So I wanted to take it for a spin, and as an experiment I tried archiving this NYTimes article.

First I went to https://web.archive.org/save/, entered the URL for the NYTimes article, and selected to “Email me a WACZ file”. If you don’t see this option you will need to create an account with Internet Archive and log in. I also selected to “Save outlinks” which tells SPN to save not just the article, but any page that the article links to (which can be pretty handy for archiving the context of a web page).

A few minutes later I received an email which told me that the WACZ was available at

https://wayback-api.archive.org/services/wayback/wacz/spn2-dd3a64e152daa6cb6920049e6e4ff48ff4305460.wacz

and that I should download it, because it would only be there for three days. If you see this post in time you can probably download it too since there doesn’t appear to be any authentication involved.

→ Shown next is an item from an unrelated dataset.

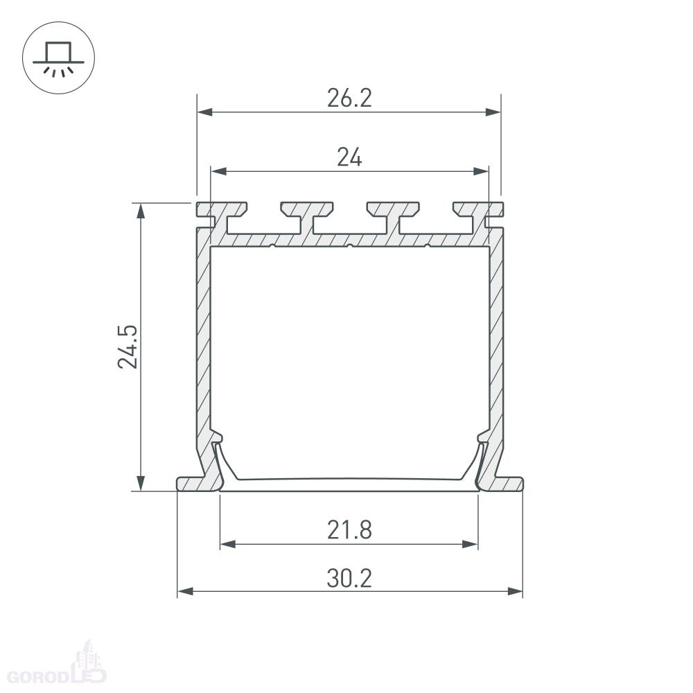 Габаритные размеры (L×W×H): 2000 x 30,2 x 24,5 мм. Ширина площадки для ленты 22 мм. Экраны, заглушки и другие аксессуары приобретаются отдельно.

After downloading I headed over to Webrecorder’s ReplayWebPage, which is a client side web application for viewing WACZ’s locally. You can also use their ArchiveWebpage to read and write WACZ files (more on that below). But I tend to use ReplayWebPage for viewing WACZ files since I use Firefox and ArchiveWebPage is Chrome only (well Chromium, so Brave and some others too).

Once loaded it up I saw the list of pages that were archived (remember I selected to “Save outlinks”):

And from there I was able to find the page I archived:

As I scrolled down I noticed an photograph of the NSO Office in Sapir failed to render.

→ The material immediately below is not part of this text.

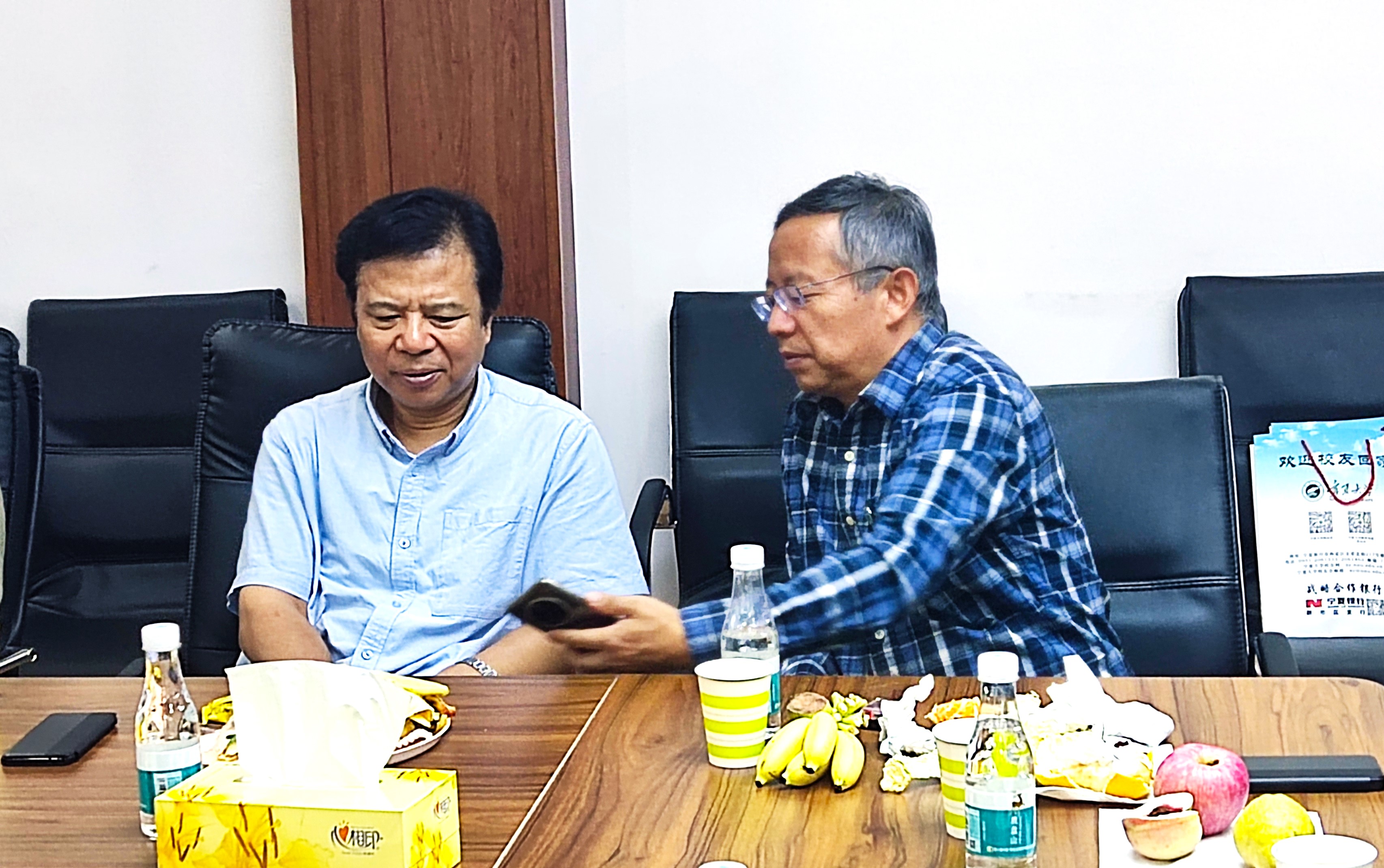 【必威体育 讯 万艳妮/文 翟耀然 程俊杰/图】金秋时节,硕果飘香。9月15日,在必威体育 喜迎建校六十五周年华诞之际,必威体育 和物理学院邀请离退休老教师黄海斌、杨泽林、房卫东、胡钢墩、陈潮红、王林、张亦、罗昌状和毕业校友代表马瑜、曾建华、周建鹏、孙学宏、马小莉,一同相聚在美丽的宁大校园,为母校庆生;一同分享六十五年来学校建设发展的成果,叙享“一段宁大路、一生宁大情”的喜悦,共商学校和学院发展大计。

In fact all the inline images seemed to be missing. Since the NYTimes homepage was archived as an outlink I clicked to look at that, and noticed that several images failed to render there too:

This prompted me to create an archive with ArchiveWebPage to compare the results. You do need to use Chrome, and install the plugin. After that I navigated to the NYTimes article and clicked to start “recording”. ArchiveWebPage collects web content (HTTP requests and responses) as a result of browsing. It currently doesn’t let you collect all the links on a page like SavePageNow. But you can click on whatever you want to add to the archive. So I added the NYTimes homepage as well for comparison.

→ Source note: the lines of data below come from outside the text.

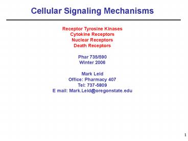 1Cellular Signaling Mechanisms Receptor Tyrosine
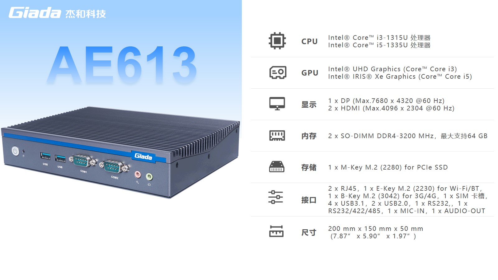 三亿AE613集成Intel®UHD Graphics (Core i3)/Intel®Iris®Xe Graphics (Core i5) GPU,支持8K分辨率(7680 x 4320 @60 Hz),支持3个独立显示器,可实现拓展、复制、独显模式。具备出色的图形处理能力,能够缔造令人惊艳的视觉效果,并为用户带来沉浸式的多媒体体验。
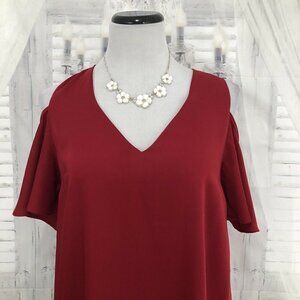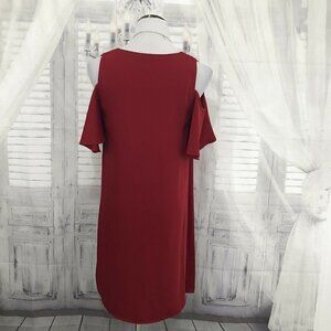 Sugar + Lips Size Medium Solid Red Cold Shoulder Short Shift Dress Cocktail

While it’s possible to view your local archives in ArchiveWebPage itself, I decided to export the archive as a WACZ and then imported it into ReplayWebPage so I could compare. Once loaded the list of captured pages is a lot shorter, because it only recorded the two pages I viewed.

You can see the article itself looked similar.

But the image that was previously unavailable works now!

Also, the images on the NYTimes homepage render, although the primary one appears to be different when I recorded the second time:

Show me the Metadata

One nice thing about WACZ files is that they are really just ZIP files, which you can unzip and inspect.

The archive directory contains the WARC (ISO 28500:2017) data from the actual crawl. Looking closer at this one I was interested to find that while it contained 676 response records (HTTP responses from nytimes.com and elsewhere) the request records are not present. So we can’t see how the request was made, what User-Agent was used, etc.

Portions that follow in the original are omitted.